Pour toutes les personnes présentes à l’assemblée, les fusions de 2004 n’ont pas rempli les promesses faites. Au contraire, elles ont plutôt causé les problèmes suivants :

a) Augmentation du pouvoir des médecins au détriment de la première ligne

b) Perte de proximité des services

c) Peu (ou pas) d’intégration ni de continuité des services, approche populationnelle trop complexe

d) Coupures et réductions de services

e) Détérioration des services sociaux

f) Des structures trop grosses et ingérables

g) Recul de la démocratie

h) Impact négatif sur le personnel et les relations de travail

i) Une gestion inappropriée: la Nouvelle gestion publique

j) Augmentation de la privatisation.

Le pire résultat qu’on a vu se développer avec les fusions, c’est la privatisation des soins et services. On a utilisé les ressources du public au service du privé.  On a ainsi sous-traité des services d’entretien, de buanderie, d’alimentation, de fournitures médicales, des services à domicile, des chirurgies, des agences de personnel, et on a utilisé des PPP pour des hôpitaux, dans l’hébergement, etc. 

En dix ans, la sous-traitance, la privatisation, l’économie-socialisation, la communautarisation et les PPP ont pris place et sont mieux implantés partout dans notre système public de santé et de services sociaux. 

Et le PL 10 qui nous est présenté, de par des fusions à plus grande échelle encore, ne fera qu’amplifier tous ces problèmes, privatisation incluse.

Le PL 10 consacre l’omnipotence du ministre et de son ministère, ce qui revient à dire que l’on consacre l’éloignement des milieux, le déracinement, et la méconnaissance des complexités du terrain. C’est la recette parfaite pour augmenter l’inefficacité, les erreurs et le gaspillage, sans diminuer les budgets consacrés à l’administration.

Pire encore, le PL nous présente l’obtention d’une gouvernance efficace pour le réseau public de santé et des services sociaux comme un choix de mode de gestion (très hiérarchisé au surplus), sans tenir compte que ce choix s’appliquera dans le cadre de valeurs et d’orientations portées par le système public lui-même. Ces valeurs et orientations sont ce qu’il y a de plus fondamental parce que ce sont elles qui gouvernent tout le travail et les choix qui se feront tant dans la détermination du ou des modes de gestion que dans la prestation des soins et services.

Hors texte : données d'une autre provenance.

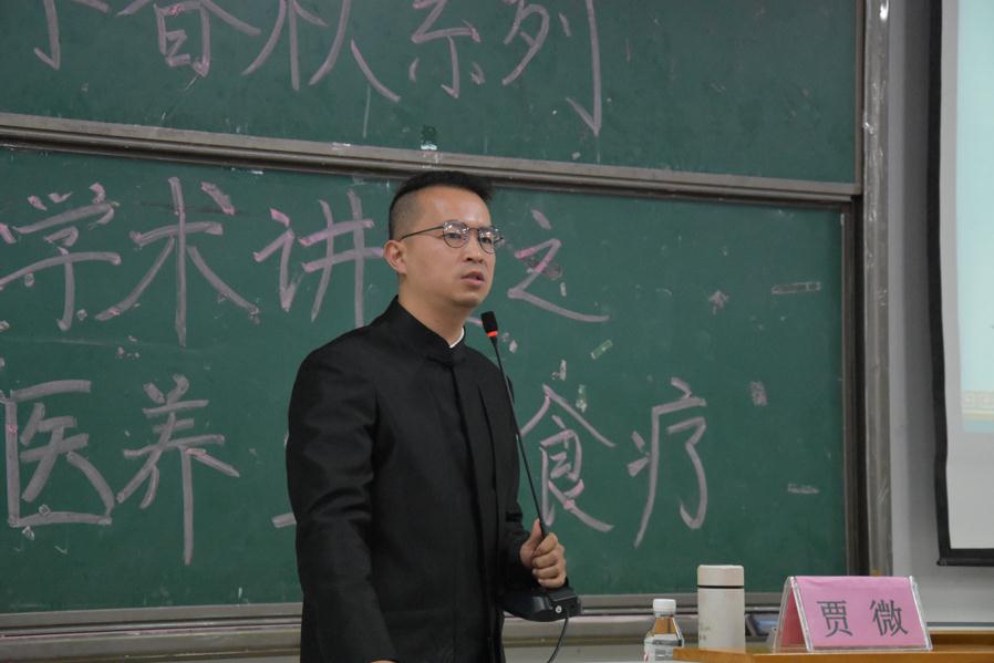 贾微在同学们热烈的掌声中走上讲台,他幽默风趣的开场白赢得了同学们的阵阵掌声。贾微针对中医养生以及食疗的概念、目的、意义和具体方法进行了具体的解说。他解说的养生方法简单易行,具有很强的可操作性,表现出极高的实用价值。尤其是贾老师对冬天养生方法进行指导时现场模拟养生保健动作,活灵活现地为同学们展示了冬天养生保健的具体要点。他还利用自身丰富的临床经验来对同学们冬天的皮肤健康问题提出宝贵的建议。现场同学反应热烈,在互动环节上贾老师详细地回答了同学们提出的冬天如何保持手脚温度,如何养胃等一系列冬天养生问题。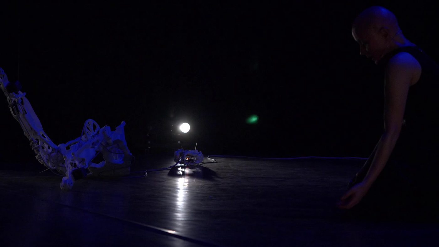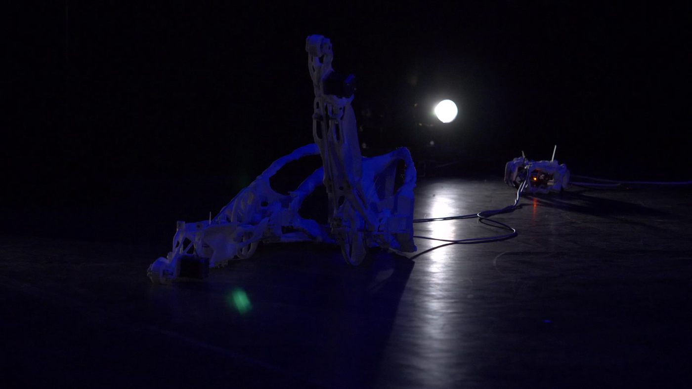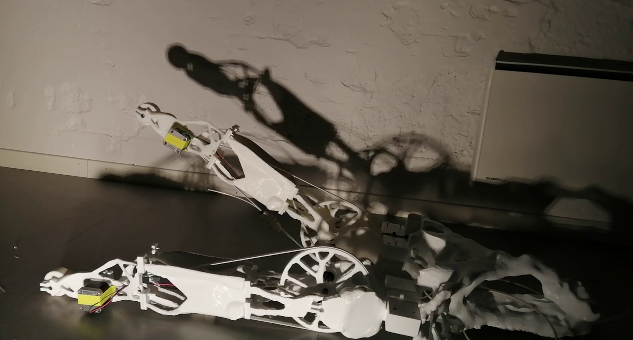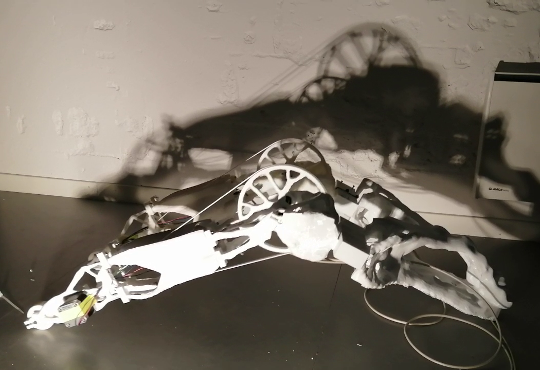 Most of the figure's body is 3D printed in an off-white filament. This gives the texture of the material a bone-like quality. The figure consists of three main parts, with two almost identical structures easily interpreted as limbs attached to a central body that appears somewhat similar to a human pelvis. At the end of each "leg," a small wheel is attached. The wheels utilize one-way needle pin bearings, so they are only able to rotate in one direction.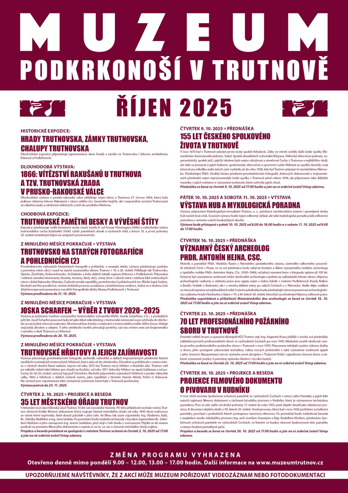 Vážení návštěvníci, na říjen je pro Vás připraven v našem muzeu opět bohatý a pestrý program. Kromě pěti dlouhodobých expozic můžete navštívit též tři krátkodobé výstavy. Připraveny jsou pro všechny zájemce též přednášky a besedy na zajímavá témata u příležitosti několika historických výročí. Těšíme se na Vaši návštěvu!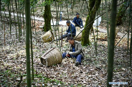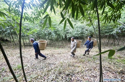 People collects bamboo shoots on the Jinfo Mountain in Nanchuan District of southwest China's Chongqing, Aug. 30, 2019. A lucky bamboo shoots collector on the Jinfo Mountain can harvest more than 6,000 bamboo shoots a day, which can increase his income by 7,000 to 10,000 yuan (about 1,398 US dollars) in the harvest season. According to local authorities, Nanchuan District has more than 100,000 mu (about 6,667 hectares) of bamboo shoot forests, which attract more than 10,000 people to collect bamboo shoots every year. (Photo: Xinhua)
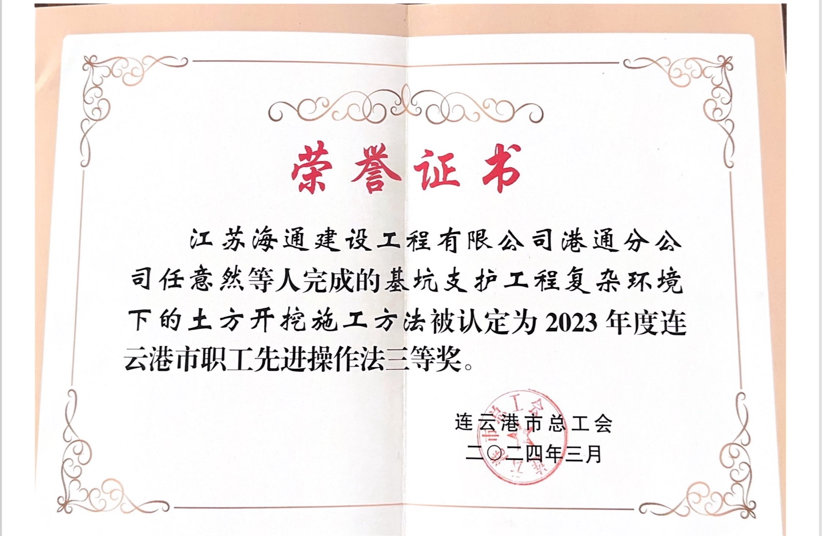 近日,从连云港市总工会传来喜讯,江苏海建千亿官方站网站登录入口申报的《基坑支护工程复杂环境下的土方开挖施工方法》获得2023年度职工先进操作法三等奖。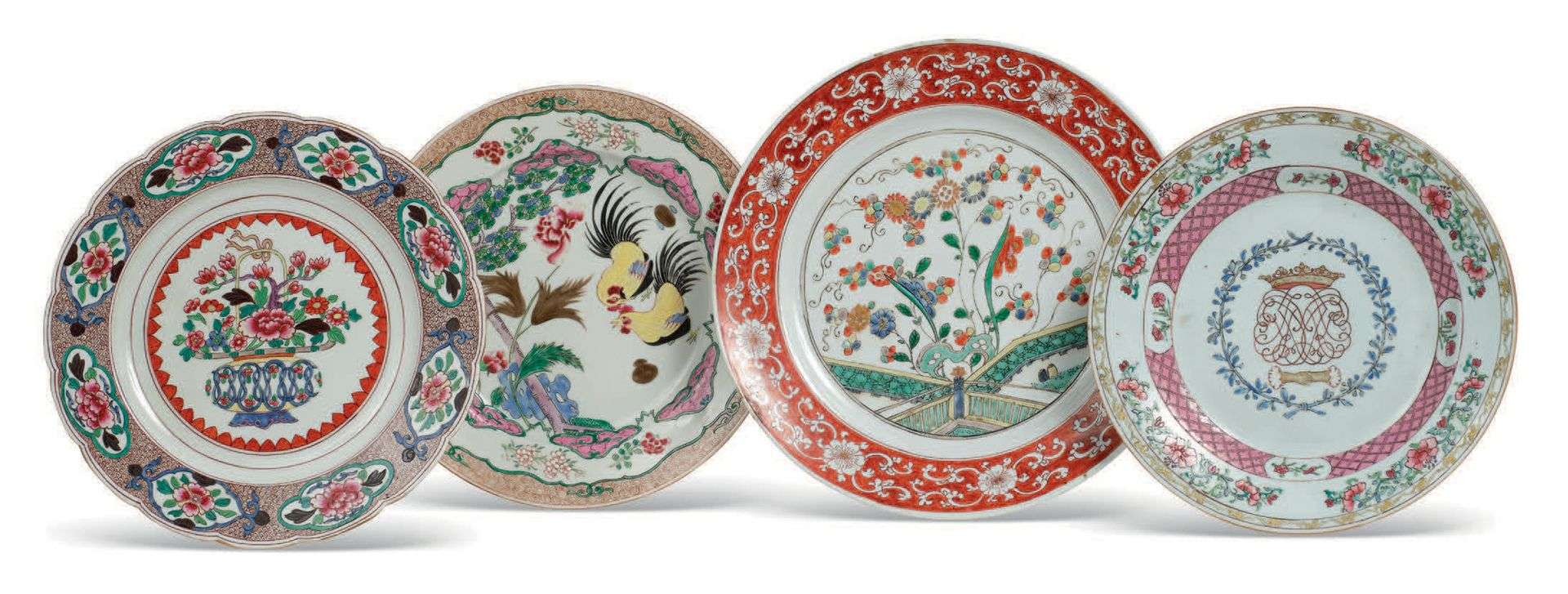Lot de quatre assiettes en porcelaine et décor peint polychrome. Mavelot héraldique, coqs famille rose, panier fleuri et jardin fleuri (marqué au dos). XVIIIe siècle.

Mais alors que dire d’un projet de loi qui ne représente, suivant les dires du ministre, qu’un morceau du puzzle?… 

Alors pour savoir à quoi ressemblera notre système de santé quand tous les morceaux du puzzle seront en place, il nous faut aborder les pièces manquantes.

Le financement à l’activité a été appliqué au Royaume-Uni il y a déjà plus d’une décennie. Ce mode de financement a été accompagné d’un accroissement du recours au privé pour la prestation des soins, en invoquant le “libre choix du patient”. Le financement à l’activité, où est établi un coût pour chaque acte posé, ne fait qu’augmenter les coûts administratifs et la bureaucratie qui doit contrôler la saisie et la gestion des données, tout en n’apportant aucune nouvelle ressource dans les services. 

Avec les supercliniques, nous sommes encore plus loin d’un redéploiement des services sociaux pour travailler en amont et développer une réelle politique de santé. Nous sommes plutôt dans le développement d’une politique active de soutien financier pour consolider et développer le pouvoir de la médecine privée, principalement celle des médecins spécialistes. 

L’Accord économique et commercial global (AECG), comme tous les accords de libre-échange, comporte sa section marchés publics dans laquelle les gouvernements s’engagent à ouvrir au marché, donc à la sous-traitance et à la privatisation, les services publics, y compris en santé et services sociaux. Mais nous ne savons pas encore, comparativement au ministre et à son gouvernement, les liens qui pourraient unir plus intimement l’AÉCG et le PL 10.

Nous l’avons dit maintes et maintes fois : la santé n’est pas une occasion d’affaires. 

Et c’est pour toutes ces raisons que nous rejetons le PL 10.